Let's build a simple neural network to classify images from the FashionMNIST dataset.

**1. Import Libraries**

In [None]:
import torch
import torch.nn as nn
import torch.nn.functional as F
import torch.optim as optim
from torchvision import datasets, transforms

In [None]:
import random
import numpy as np

seed = 42
torch.manual_seed(seed)
random.seed(seed)
np.random.seed(seed)

if torch.cuda.is_available():
    torch.cuda.manual_seed(seed)
    torch.cuda.manual_seed_all(seed)

torch.backends.cudnn.deterministic = True
torch.backends.cudnn.benchmark = False

*Checking for GPU Availability*

This code checks if a CUDA-enabled GPU is available and sets the `device` accordingly. If no GPU is available, it defaults to the CPU.

In [None]:
# Check if GPU is available
device = torch.device('cuda' if torch.cuda.is_available() else 'cpu')
print(f'Using device: {device}')

Using device: cpu


**2. Data Preparation**

In [None]:
# Define a transform to convert images to tensors
transform = transforms.ToTensor()

# Download and load the training data
train_set = datasets.FashionMNIST(root='./data', train=True, download=True, transform=transform)
train_loader = torch.utils.data.DataLoader(train_set, batch_size=256, shuffle=True)

# Download and load the test data
test_set = datasets.FashionMNIST(root='./data', train=False, download=True, transform=transform)
test_loader = torch.utils.data.DataLoader(test_set, batch_size=256, shuffle=False)

100%|██████████| 26.4M/26.4M [00:03<00:00, 8.50MB/s]
100%|██████████| 29.5k/29.5k [00:00<00:00, 131kB/s]
100%|██████████| 4.42M/4.42M [00:01<00:00, 2.48MB/s]
100%|██████████| 5.15k/5.15k [00:00<00:00, 17.6MB/s]

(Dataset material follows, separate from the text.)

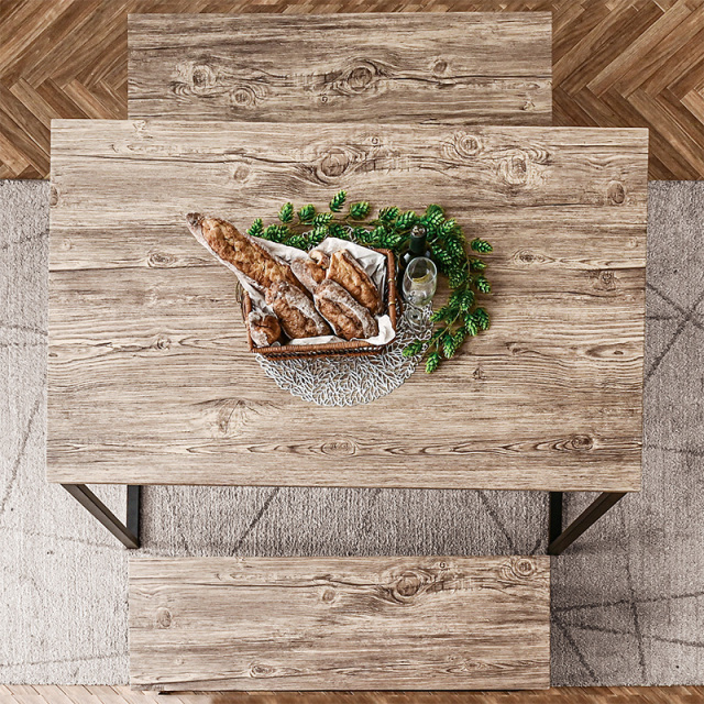 木目の表情を生かしたメラミン天板は耐水性に優れ、食事後もサッと拭くだけで清潔を保てます。直線的で無駄のないフォルムは空間に程よい余白を生み、配膳や片付けの動線もスムーズ。テーブル下へ収まるベンチは出し入れしやすく、来客時にも柔軟に対応できる使い勝手の良さが魅力です。脚部は粉体塗装のスチールでしっかりと支え、落ち着いたマットな質感がインテリアを引き締めます。アッシュホワイト、ブラウン、ブラックのベーシックカラーは北欧風からカフェ風まで幅広いテイストに調和。組立手順もわかりやすく、届いたその日から気持ちよく使い始められます。限られたスペースでも家族や友人との時間を心地よく演出する、頼れる一台です。

**3. Neural Network Model**

In [None]:
class DenseNet(nn.Module):
    def __init__(self):
        super(DenseNet, self).__init__()
        self.flatten = nn.Flatten()
        self.fc1 = nn.Linear(28 * 28, 128)
        self.fc2 = nn.Linear(128, 10)

    def forward(self, x):
        x = self.flatten(x)
        x = F.relu(self.fc1(x))
        x = self.fc2(x)
        return x

model = DenseNet().to(device)
model

DenseNet(
  (flatten): Flatten(start_dim=1, end_dim=-1)
  (fc1): Linear(in_features=784, out_features=128, bias=True)
  (fc2): Linear(in_features=128, out_features=10, bias=True)
)

**4. Loss & Optimizer**

In [None]:
criterion = nn.CrossEntropyLoss(label_smoothing=0.05)   # added label smoothing for better regularization
optimizer = optim.SGD(model.parameters(), lr=0.05, momentum=0.9, weight_decay=1e-4, nesterov=True)    # added momentum (to speed up convergence), weight decay (penalizing large weights to reduce overfitting), nesterov momentum
scheduler = optim.lr_scheduler.MultiStepLR(optimizer, milestones=[10, 20], gamma=0.5)   # reduces lr during training, lr is multiplied by 0.5 after 10 epochs

**5. Training loop**

In [None]:
for epoch in range(30):  # Train for 30 epochs
    running_loss = 0.0
    for images, labels in train_loader:
        # Move images and labels to the device
        images = images.to(device)
        labels = labels.to(device)

        # Zero the parameter gradients
        optimizer.zero_grad()

        # Forward pass
        outputs = model(images)
        loss = criterion(outputs, labels)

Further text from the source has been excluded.